Faut-il exempter les acides gras trans naturellement présents dans les produits laitiers ?
L’étiquetage des acides gras trans (AGT) devrait également rester volontaire, selon les industriels. EDA rejette donc la demande des eurodéputés, qui veulent que leur mention sur les étiquettes soit obligatoire, en soutenant que « l’apport moyen total d’acides gras trans en Europe ne constitue pas un problème de santé publique ». EDA appelle donc en renfort, là aussi ,la position en 1ère lecture du Conseil des ministres, laquelle s’est déclarée favorable à un étiquetage des AGT sur une base volontaire. Cependant, au cas où cet étiquetage des AGT deviendrait obligatoire, l’industrie demanderait alors que l’on exempte les AGT qui sont naturellement présents dans le lait et les produits laitiers.

La répétition des informations sert-elle le consommateur ?

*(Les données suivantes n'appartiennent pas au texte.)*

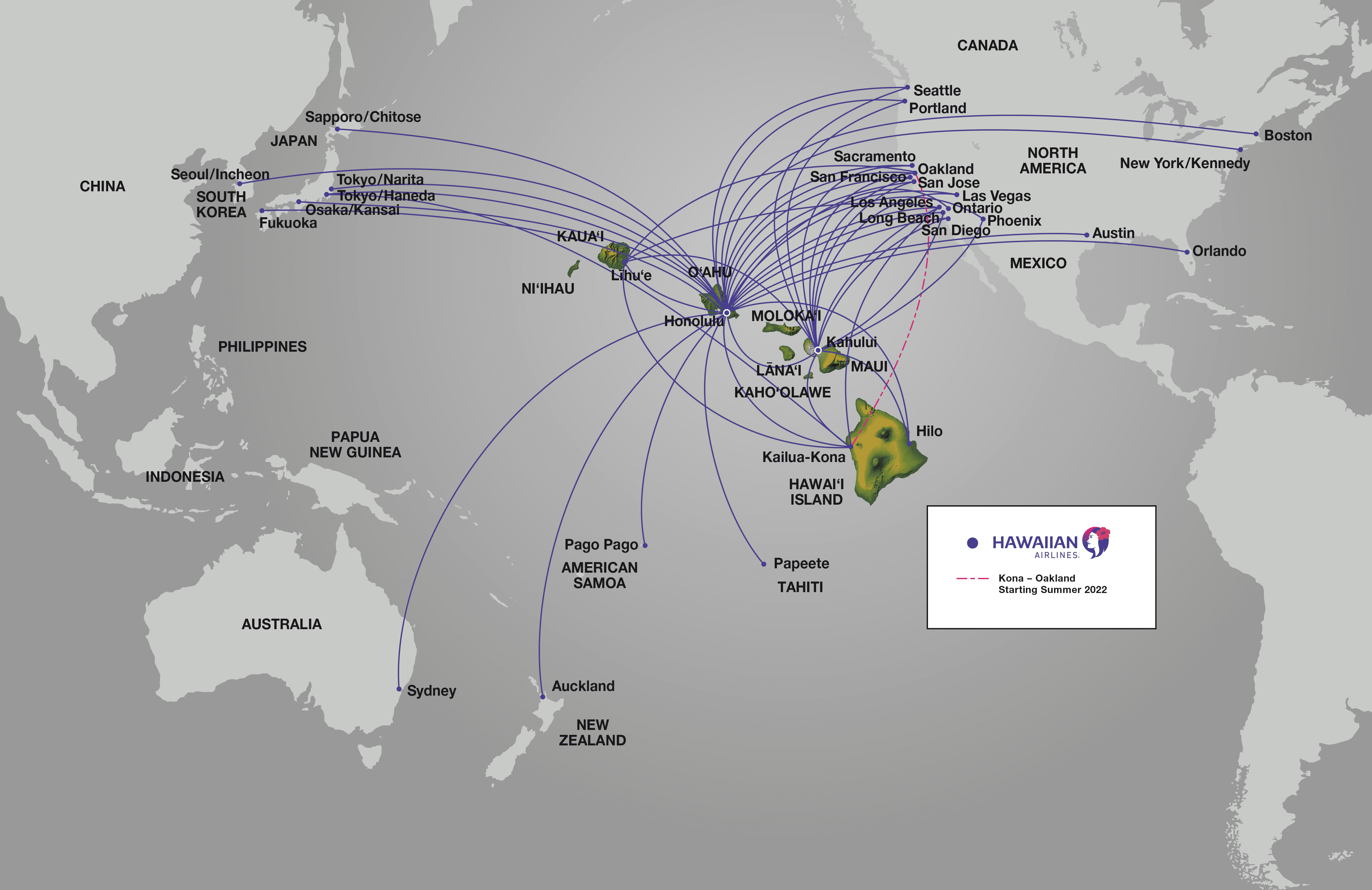 Hawaiian Airlines ยังให้บริการเที่ยวบินแบบ non-stop ระหว่าง โฮโนลูลู, ฮาวาย และ ประเทศในเอเชีย และแปซิฟิก

Si l’industrie considère que la déclaration des allergènes sur les étiquettes est d’une importance clé pour la sécurité alimentaire, elle se pose toutefois la question de savoir si la répétition des allergènes dans les listes d’ingrédients des produits contribuerait vraiment à une meilleure information des consommateurs. Là, également, elle rejoint la position du Parlement européen qui réclame lui aussi la suppression de l’étiquetage répétitif des allergènes. L’industrie appuie la position en 1ère lecture du Conseil des ministres qui recommande l’exemption de l’étiquetage des allergènes dans les cas où le nom de l’aliment fait clairement référence à la substance ou le produit concerné (par exemple le lait). Pour ce qui est des produits d’imitation, le lobby des laitiers européens soutient le maintien du cadre législatif existant pour la désignation de ce type d’aliments et rejette toute définition supplémentaire ainsi que l’étiquetage obligatoire des produits d’imitation. Il rejoint donc clairement la position en 1ère lecture du Conseil des ministres, position qui vise à clarifier la disposition d’informations pratiques et équitables en ce qui concerne les produits d’imitation.